BEGIN Material for this exercise

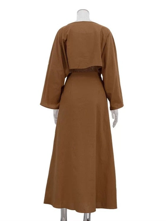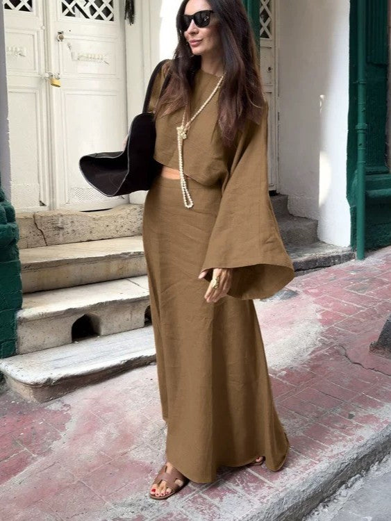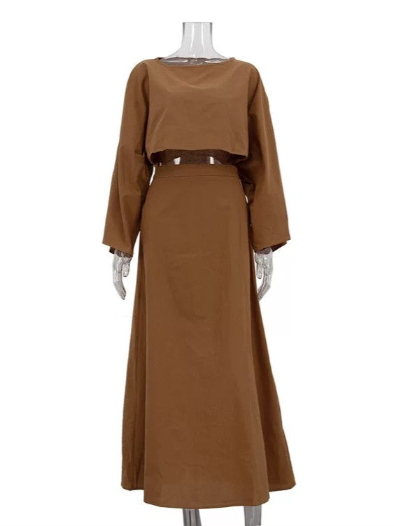 着用するだけスタイルアップが叶うワイドシルエットのクロップド丈トップスと、ハイウエストのフレアロングスカートのセットです。
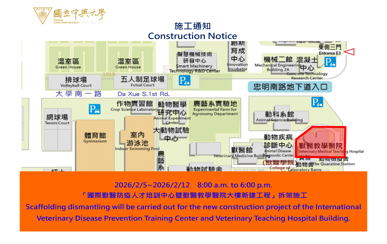 【施工公告-115年2月5日(四)至2月12日(四)「國際獸醫防疫人才培訓中心暨獸醫教學醫院大樓新建工程」拆架施工通知】Construction Notice 2/5 - 2/12, 2026
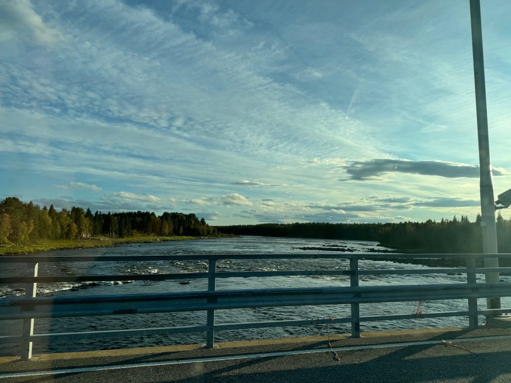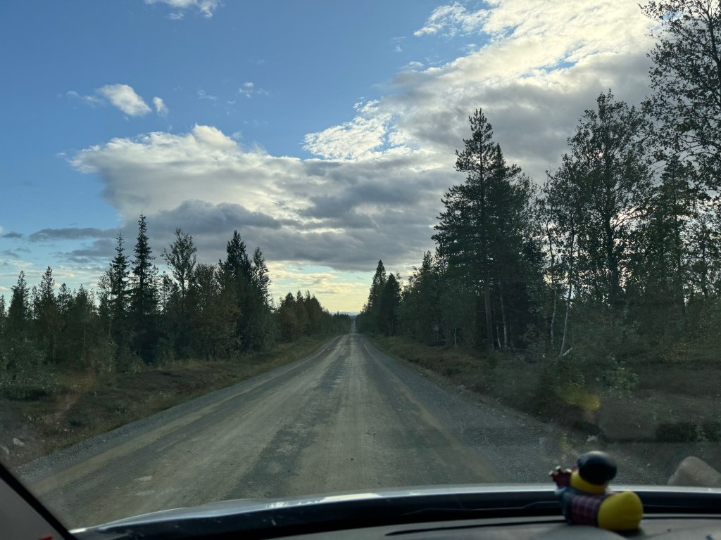 Kiruna ist „nur“ 450 Kilometer entfernt und in Schweden stehen die Chancen auf Ganzjahresreifen besser, hoffe ich. Also den Tank nochmal gut gefüllt, die Daumen gedrückt, das so ein Ersatzreifen locker noch weitere 450 Kilometer schafft und los geht’s!
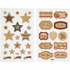 Zelfklevende motieven van mat papier en details met glitter.
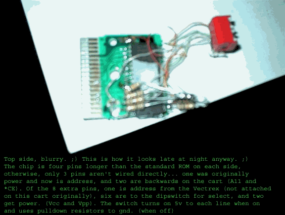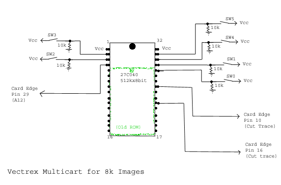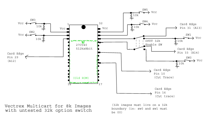 I've included a rough schematic for using a DPDT to enable 32k mode... it could be used to stick 32k games in the cartridge. It just replaces SW0 and SW1 with the appropriate address lines from the Vectrex. The caveat then is that 32k games must sit at a 32k offset, and all other games at an 8k offset. You'd also have to remember to flip the 32k switch to play a 32k game, but there are some nice ones (like Vecmania)... This is tested and works well. ;)
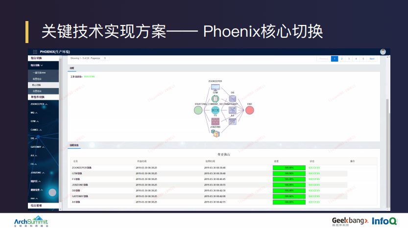 上图是我们切换平台的主界面,左边是具体的服务目录,右上是整个可视化的流程展示,右下是执行任务具体的每一个执行结点、执行时间、状态进度等等的展示。
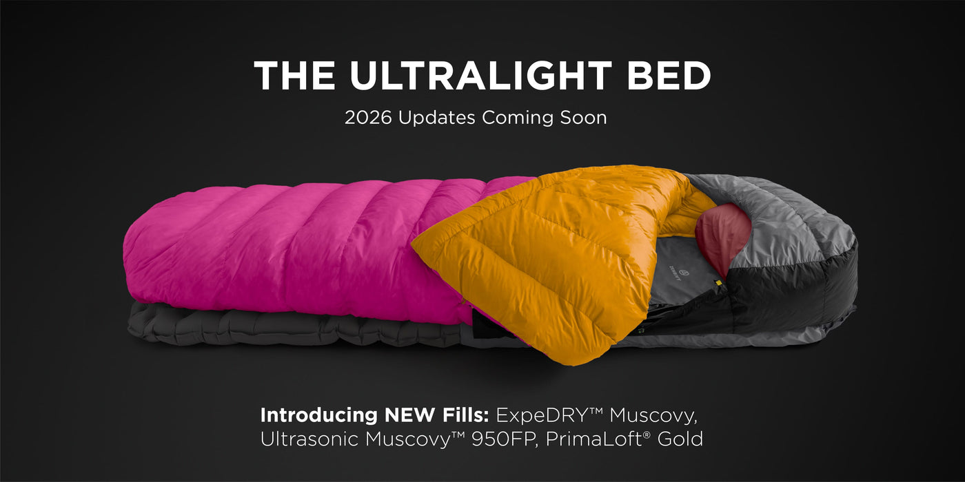 We're also introducing our first-ever synthetic Ultralight Bed powered by PrimaLoft® Gold insulation. Alongside our tried-and-true ExpeDRY™ Goose 900FP, you'll have four premium insulations to choose from!
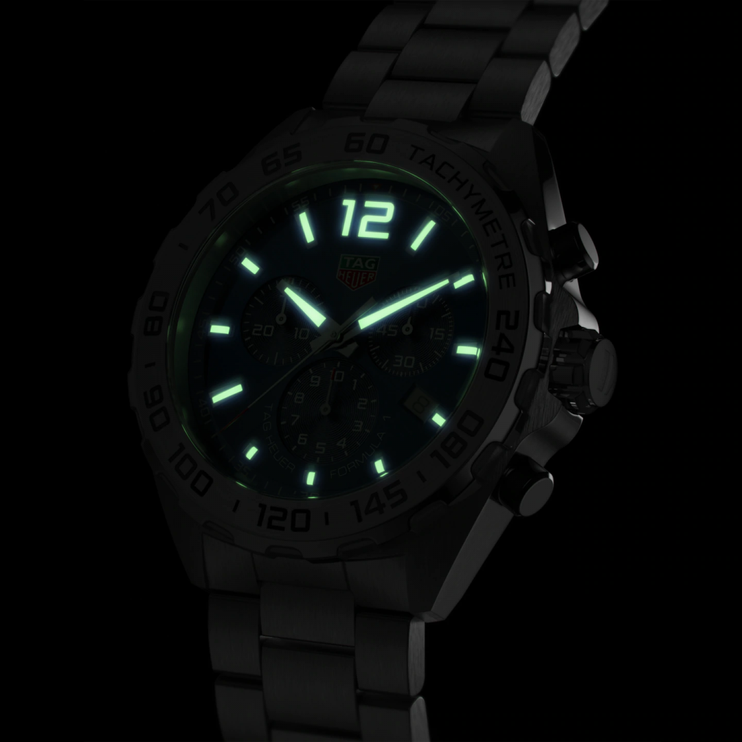 TAG Heuer Formula 1 . Die Uhr hat folgende Funktionen: Lumineszenz, Datum , Stoppuhr und Tachymeter-Skala. Die Grundparameter der Uhr sind: armbandmaterial ist Stahl, wasserabweisend ist 200 m, ziffernblattfarbe ist blau und bewegungsart ist Quarz-Chronograph.
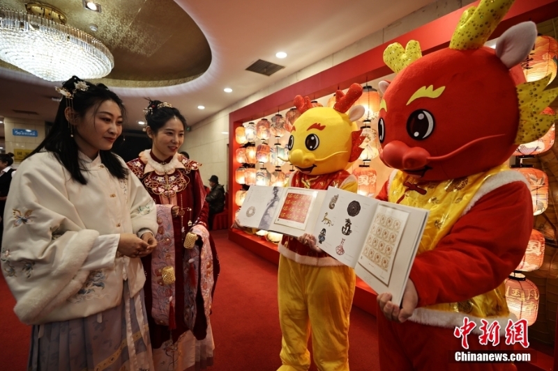 1月5日,山西太原,工作人員身著龍形公仔服展示《甲辰年》特種郵票。當(dāng)日,中國郵政發(fā)行的《甲辰年》特種郵票開售。郵票圖案名稱分別為“天龍行健”、“辰龍獻瑞”。全套郵票面值為2.40元人民幣。中新社記者 張云 攝
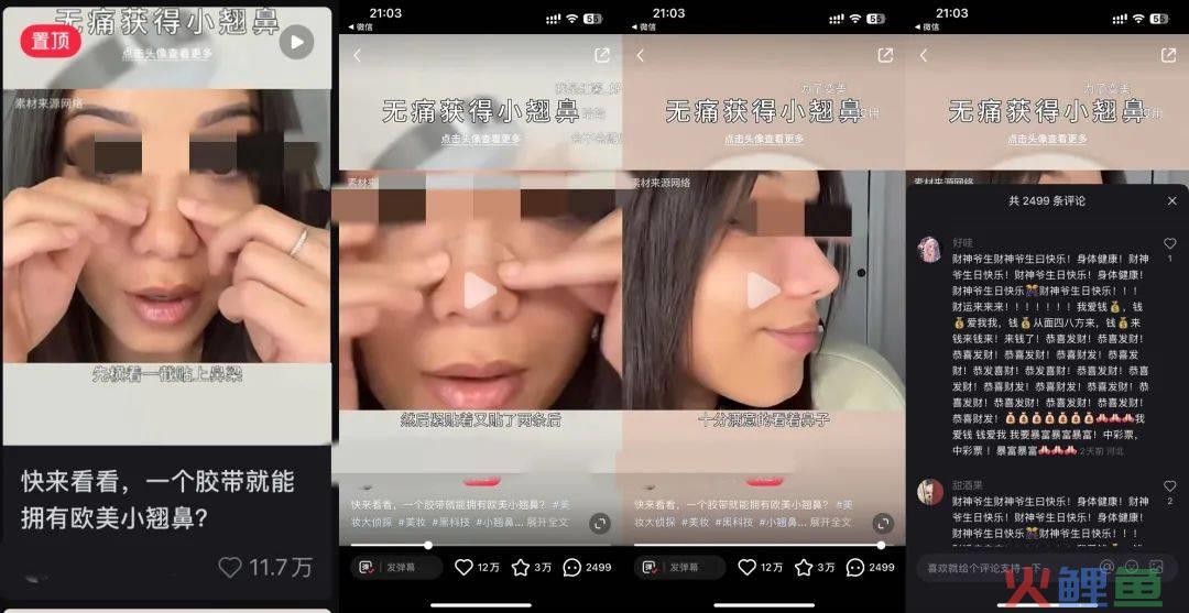 抄作业:博主用标题就吸引了大家的注意,用日常生活中常见的小东西就能打造完美鼻形,是很多鼻型不是很完美的小伙伴所需求的,博主抓住了这类目标人群的痛点,做针对性解决问题,并且不花一分钱,更加吸引用户了。
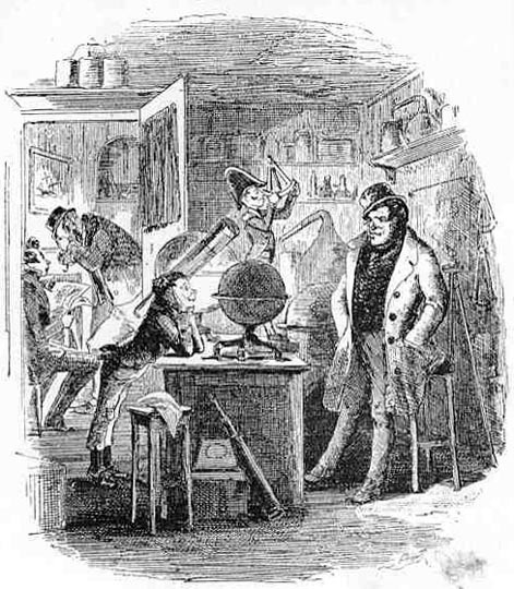 In Chapter 32 Mr. Toots makes the acquaintance of Captain Cuttle when he is sent by Susan Nipper to Sol Gills' in order to hear some professional opinions on the newspaper report that announces the Son and Heir has been given up as shipwrecked. The Captain, whose hopes were fading anyway, says that a ship's log is "the truest book as a man can write" and resigns himself to having lost both Walter and his uncle. A visit to Mr. Carker's office shows him the true nature of that gentleman, rather belatedly. Carker is not too sad about Walter's death, and he indirectly accuses the Captain of having had dishonest plans concerning Walter's rise in the firm - via Florence.
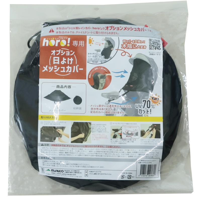 ※本製品は「シェル型レインカバーhoro!」のオプションメッシュカバーです。本製品のみでは、チャイルドシートに取り付けられません。
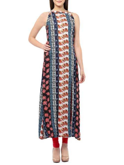 blue rayon printed high slit kurta
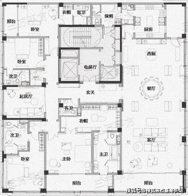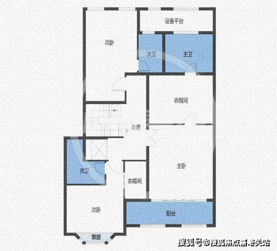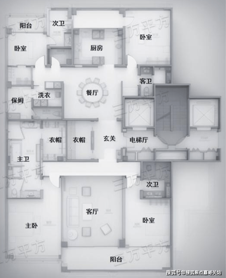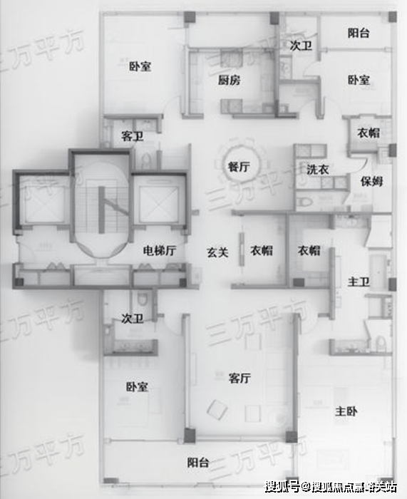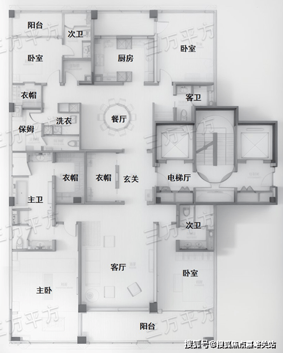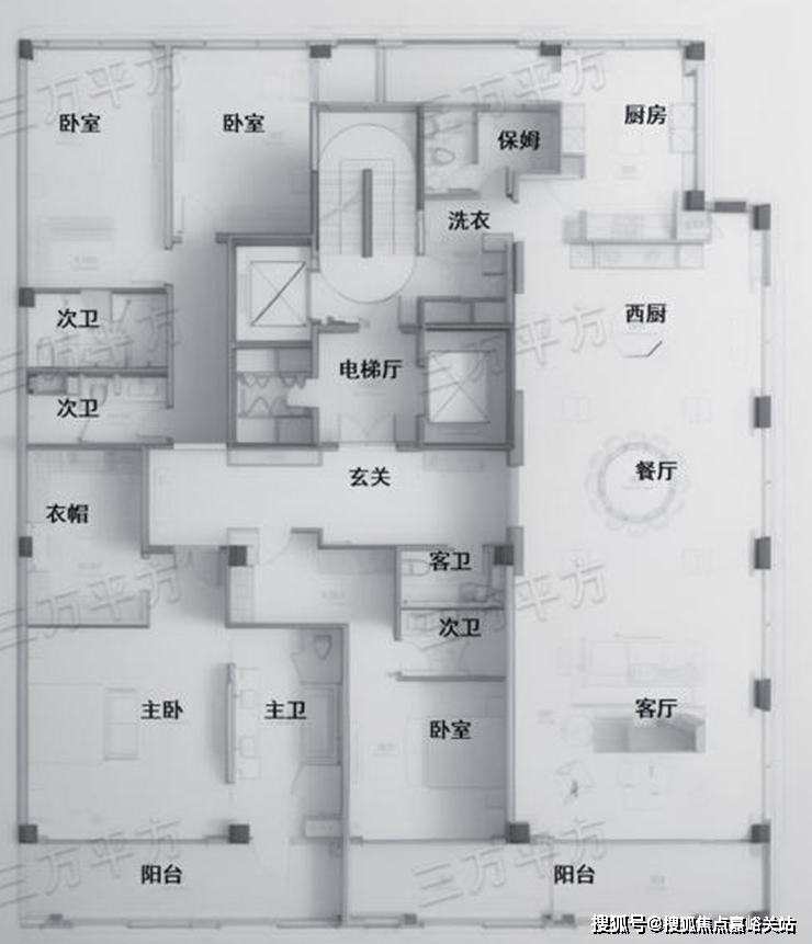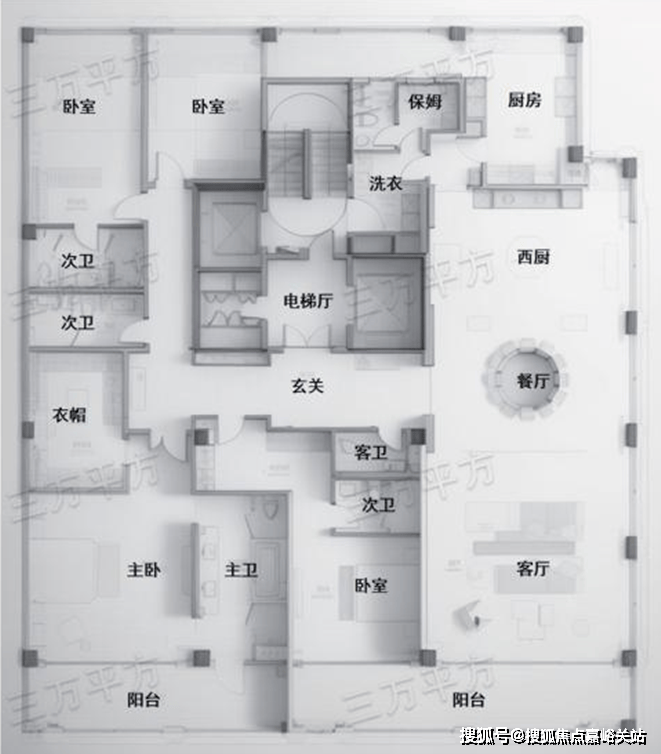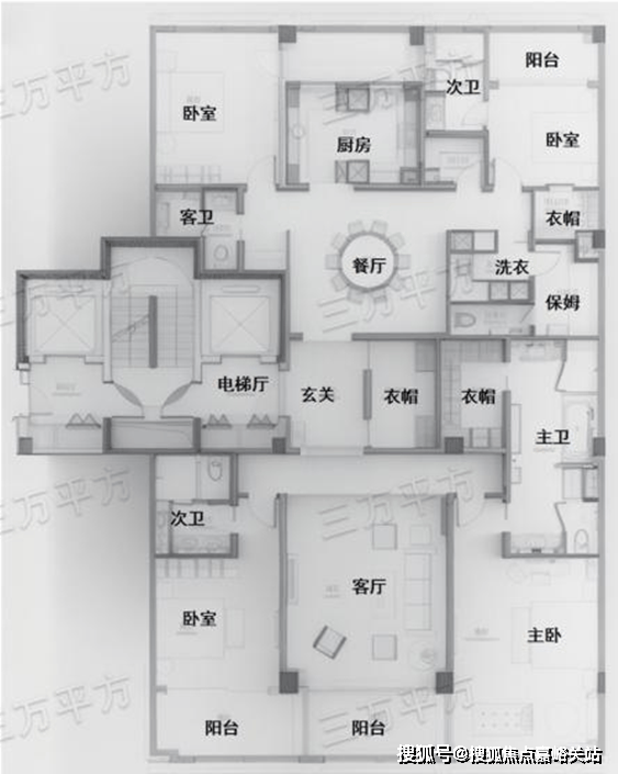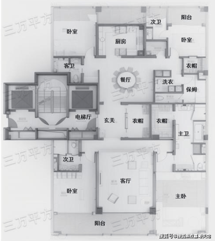 整体布局和G3反 320㎡户型相同,只是主卧和北侧次卧阳台做了一些缩减。
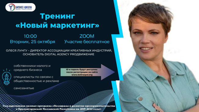 Тирасполь, 24 октября. /Новости Приднестровья/. 25 октября Торгово-промышленная палата ПМР организует тренинг «Новый маркетинг». Мероприятие будет проходить с 10:00 до 16:00 на платформе ZOOM.
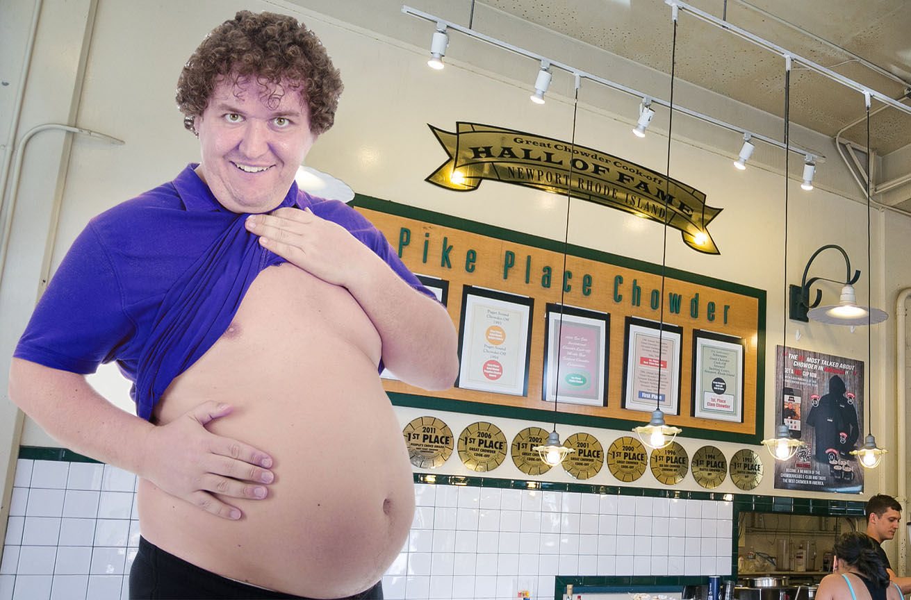 Dripping with the dew of Seattle’s late-fall mists came forth a man stout and round of shoulder, wide at midsection with two pale, girthy legs. Dressed in blue, the color of the sea and hue of the kingdom of clams, 43-year-old Rod Stanley’s gaping maw screeched to the heavens, beckoning a torrent of snow-white chowder. This magnificent specimen, this New England-style Adonis, is what we should all aspire to this chowder season.
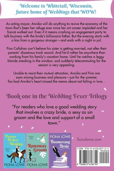 Welcome to Whitetail, Wisconsin, future home of Weddings that WOW! How far would you go to save your town? As acting mayor, Annika will do anything to revive the economy of the town that's been her refuge ever since her art career imploded and her fiancé walked out. Even if it means crashing an engagement party to talk business with the bride's billionaire father. But the evening starts with a kiss from a gorgeous stranger-and ends with a night in jail. Finn Callahan can't believe his sister is getting married, not after their parents' disastrous track record. And he'd rather be anywhere than working from his family's vacation home. Until he catches a leggy blonde sneaking in the window. Suddenly telecommuting for the season is very appealing. Unable to resist their mutual attraction, Annika and Finn are soon mixing business and pleasure-just for the summer. Too bad Annika's heart missed the memo about not falling in love... A fun romantic romp in a quirky small town. Book 1 in the Wedding Fever Trilogy For more weddings in Whitetail, check out Picture Perfect Wedding and Runaway Groom.
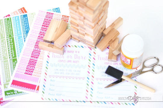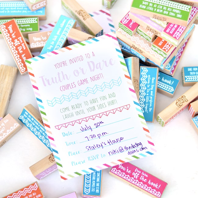 Yay!! You are all finished with the actual game making process now and ready to laugh uncontrollably with all of your favorite date night friends!! With your game ready to go, fill out the required info on the invitation and invite your BFFs over for a game that no one will forget anytime soon!!
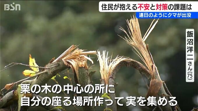 付近にはクマのものとみられる痕跡があり、およそ100メートル離れた栗の木にもクマの痕跡が…。
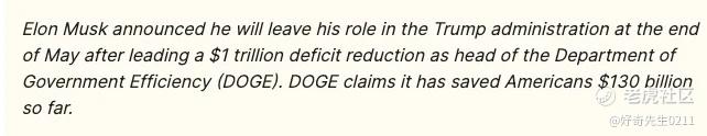 近日,马斯克透露,计划5月底辞去美国政府效率部的职务。
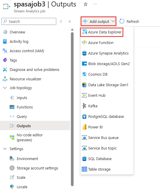 - ✔️ يتم تكوين مخرجات Azure Data Explorer في وظيفة تحليلات التدفق
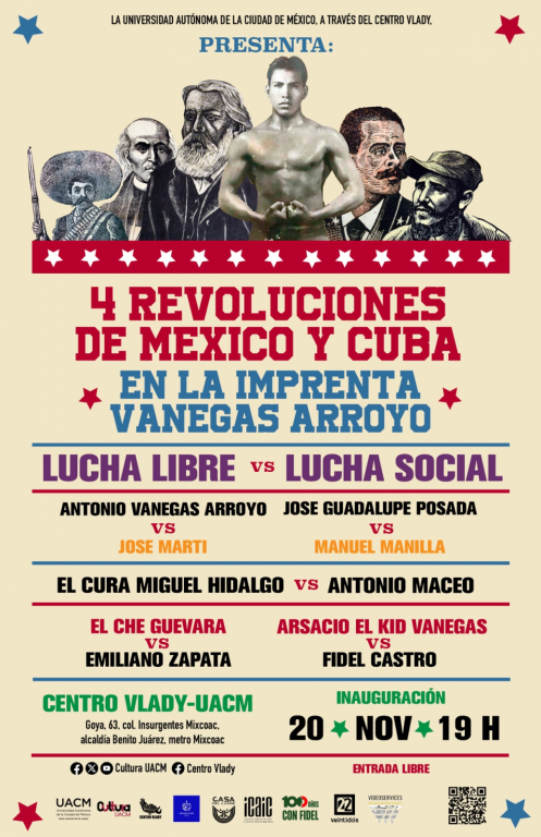Ciudad de México.– Un amplio colectivo de amigos, en colaboración con el Centro Vlady, la Universidad Autónoma de la Ciudad de México (UACM), el Centro Fidel Castro, la Casa del Caribe de Santiago de Cuba, la Embajada de Cuba en México y el Movimiento Mexicano de Solidaridad con Cuba, entre otras organizaciones, presentarán la exposición: "4 Revoluciones de México y Cuba en la Imprenta Vanegas Arroyo".

END Material for this exercise

■ **Prompt**:
Using the data above, give again exactly the lines starting at the one holding "In Chapter 32" and ending at the one holding "Dripping with the", inclusive, and nothing more. Omit the pictures.

■ **Task response**:
 In Chapter 32 Mr. Toots makes the acquaintance of Captain Cuttle when he is sent by Susan Nipper to Sol Gills' in order to hear some professional opinions on the newspaper report that announces the Son and Heir has been given up as shipwrecked. The Captain, whose hopes were fading anyway, says that a ship's log is "the truest book as a man can write" and resigns himself to having lost both Walter and his uncle. A visit to Mr. Carker's office shows him the true nature of that gentleman, rather belatedly. Carker is not too sad about Walter's death, and he indirectly accuses the Captain of having had dishonest plans concerning Walter's rise in the firm - via Florence.
 ※本製品は「シェル型レインカバーhoro!」のオプションメッシュカバーです。本製品のみでは、チャイルドシートに取り付けられません。
 blue rayon printed high slit kurta
 整体布局和G3反 320㎡户型相同,只是主卧和北侧次卧阳台做了一些缩减。
 Тирасполь, 24 октября. /Новости Приднестровья/. 25 октября Торгово-промышленная палата ПМР организует тренинг «Новый маркетинг». Мероприятие будет проходить с 10:00 до 16:00 на платформе ZOOM.
 Dripping with the dew of Seattle’s late-fall mists came forth a man stout and round of shoulder, wide at midsection with two pale, girthy legs. Dressed in blue, the color of the sea and hue of the kingdom of clams, 43-year-old Rod Stanley’s gaping maw screeched to the heavens, beckoning a torrent of snow-white chowder. This magnificent specimen, this New England-style Adonis, is what we should all aspire to this chowder season.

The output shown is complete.